DATA IN THIS EXERCISE
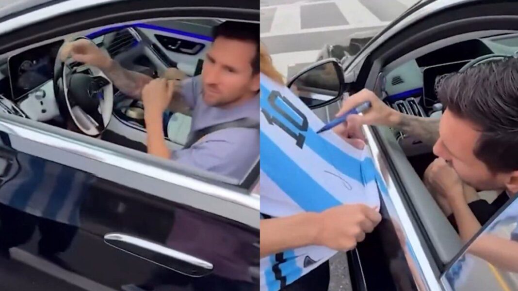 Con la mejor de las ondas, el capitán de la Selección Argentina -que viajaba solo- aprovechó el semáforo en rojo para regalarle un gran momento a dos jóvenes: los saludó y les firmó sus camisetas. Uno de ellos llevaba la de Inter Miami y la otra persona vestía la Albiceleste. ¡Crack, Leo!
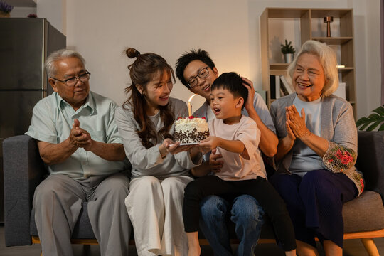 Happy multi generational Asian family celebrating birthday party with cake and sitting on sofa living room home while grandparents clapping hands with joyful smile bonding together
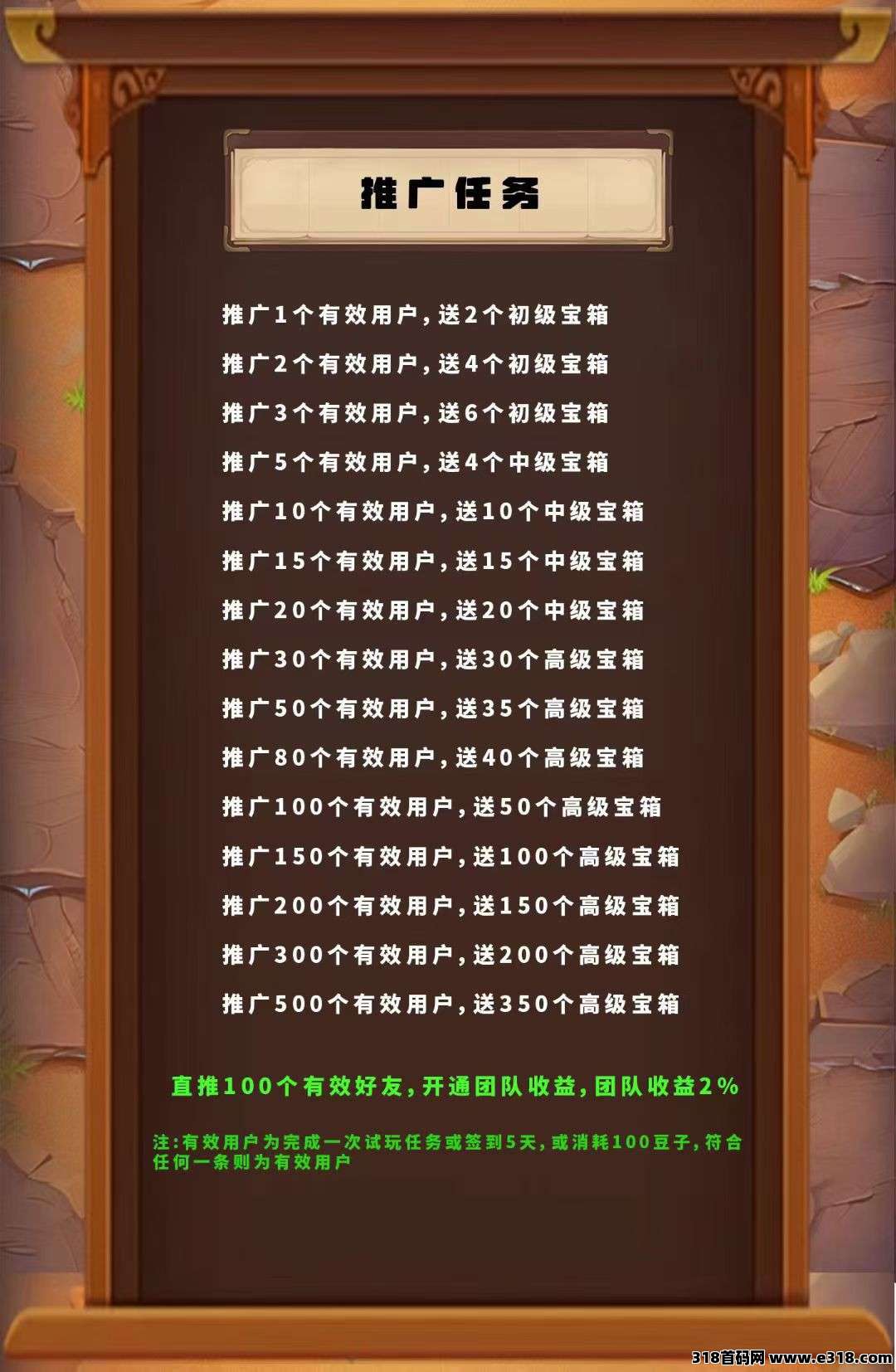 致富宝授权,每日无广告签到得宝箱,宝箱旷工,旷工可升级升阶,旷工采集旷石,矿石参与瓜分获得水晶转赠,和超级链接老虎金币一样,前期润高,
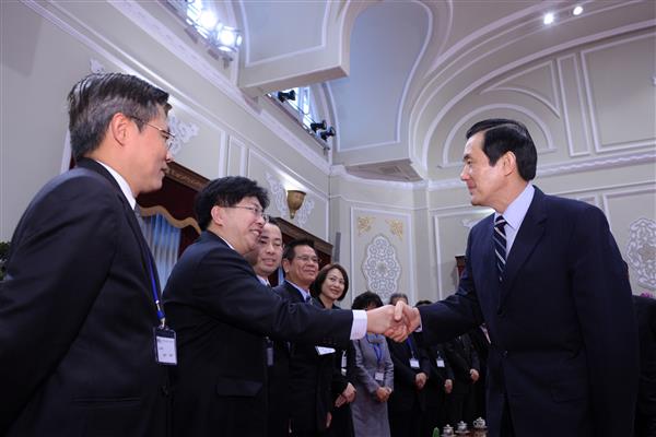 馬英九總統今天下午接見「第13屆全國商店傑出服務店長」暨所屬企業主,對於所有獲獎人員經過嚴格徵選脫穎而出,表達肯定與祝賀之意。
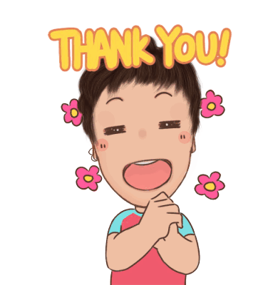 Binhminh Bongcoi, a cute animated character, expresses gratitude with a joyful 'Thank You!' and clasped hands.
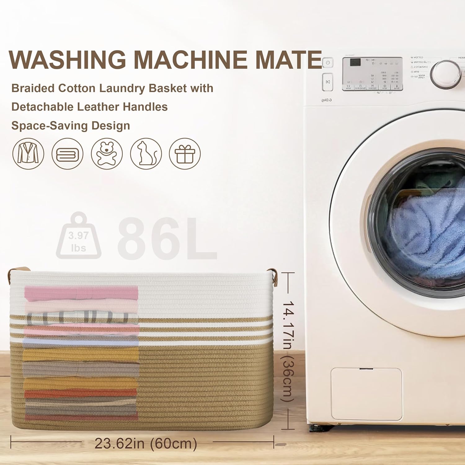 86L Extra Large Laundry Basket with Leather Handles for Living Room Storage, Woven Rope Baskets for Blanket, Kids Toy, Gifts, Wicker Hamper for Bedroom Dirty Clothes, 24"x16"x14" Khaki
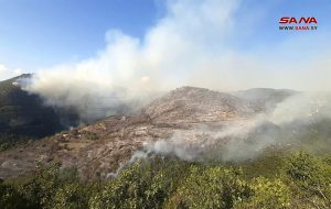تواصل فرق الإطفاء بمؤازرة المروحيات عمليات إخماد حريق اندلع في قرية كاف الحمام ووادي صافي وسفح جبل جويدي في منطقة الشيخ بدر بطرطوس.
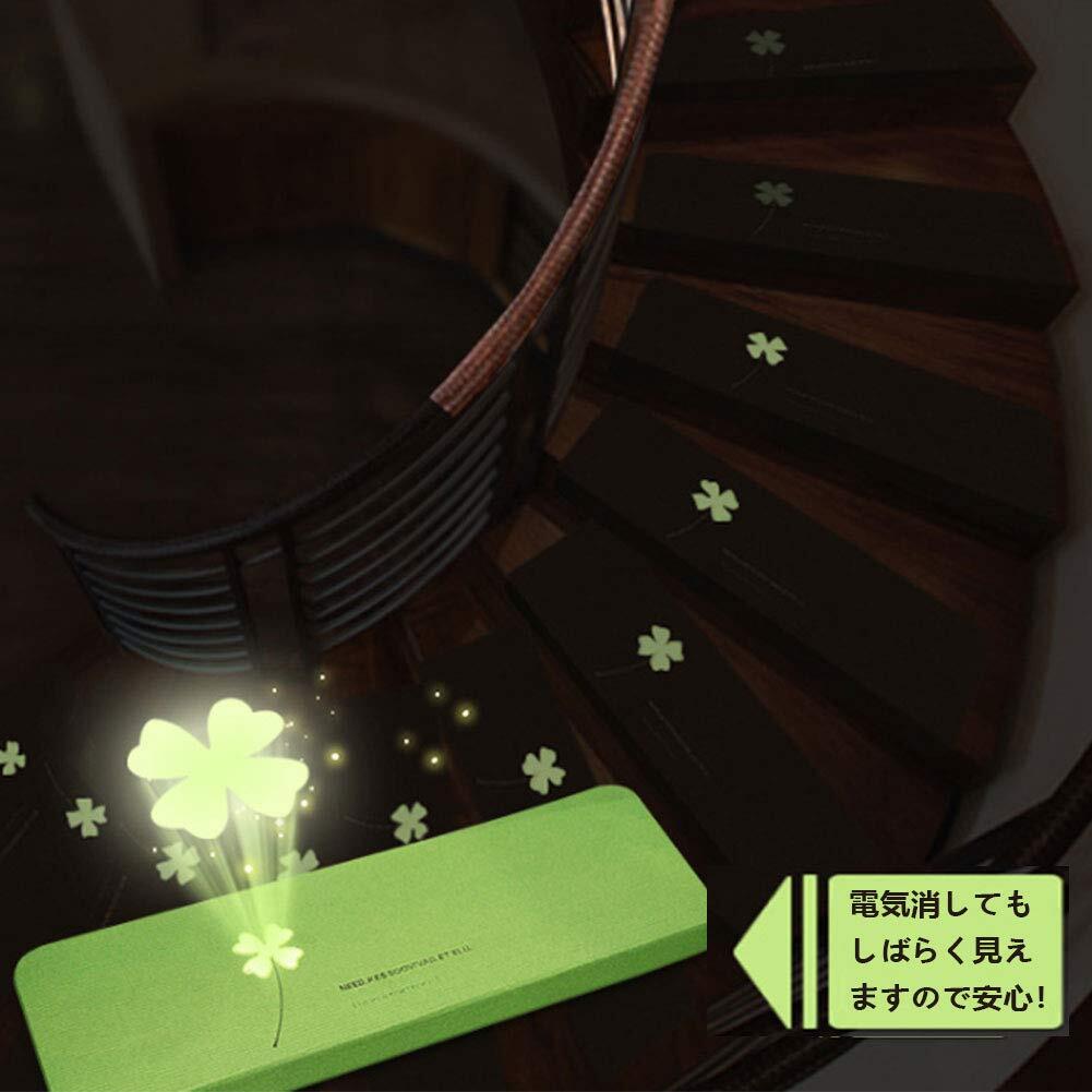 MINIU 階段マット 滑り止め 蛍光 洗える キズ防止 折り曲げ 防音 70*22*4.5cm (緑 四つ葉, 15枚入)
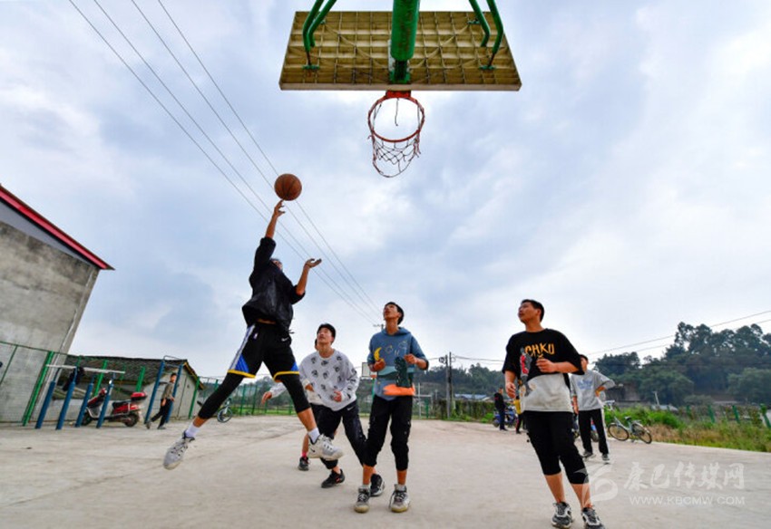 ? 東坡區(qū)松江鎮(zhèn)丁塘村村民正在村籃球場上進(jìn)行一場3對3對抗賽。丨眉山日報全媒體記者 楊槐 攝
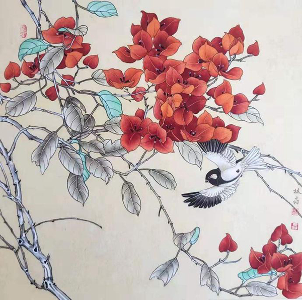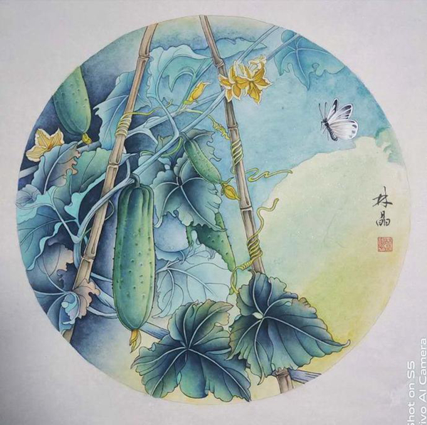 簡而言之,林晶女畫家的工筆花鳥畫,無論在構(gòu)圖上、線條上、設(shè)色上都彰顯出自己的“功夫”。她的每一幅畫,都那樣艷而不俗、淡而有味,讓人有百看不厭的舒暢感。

THE TASK
Print nothing but the lines above starting with the line that contains "Happy multi generational" and going on through the line that contains "تواصل فرق الإطفاء". Leave out the pictures.

RESULT OF THIS TASK
 Happy multi generational Asian family celebrating birthday party with cake and sitting on sofa living room home while grandparents clapping hands with joyful smile bonding together
 致富宝授权,每日无广告签到得宝箱,宝箱旷工,旷工可升级升阶,旷工采集旷石,矿石参与瓜分获得水晶转赠,和超级链接老虎金币一样,前期润高,
 馬英九總統今天下午接見「第13屆全國商店傑出服務店長」暨所屬企業主,對於所有獲獎人員經過嚴格徵選脫穎而出,表達肯定與祝賀之意。
 Binhminh Bongcoi, a cute animated character, expresses gratitude with a joyful 'Thank You!' and clasped hands.
 86L Extra Large Laundry Basket with Leather Handles for Living Room Storage, Woven Rope Baskets for Blanket, Kids Toy, Gifts, Wicker Hamper for Bedroom Dirty Clothes, 24"x16"x14" Khaki
تواصل فرق الإطفاء بمؤازرة المروحيات عمليات إخماد حريق اندلع في قرية كاف الحمام ووادي صافي وسفح جبل جويدي في منطقة الشيخ بدر بطرطوس.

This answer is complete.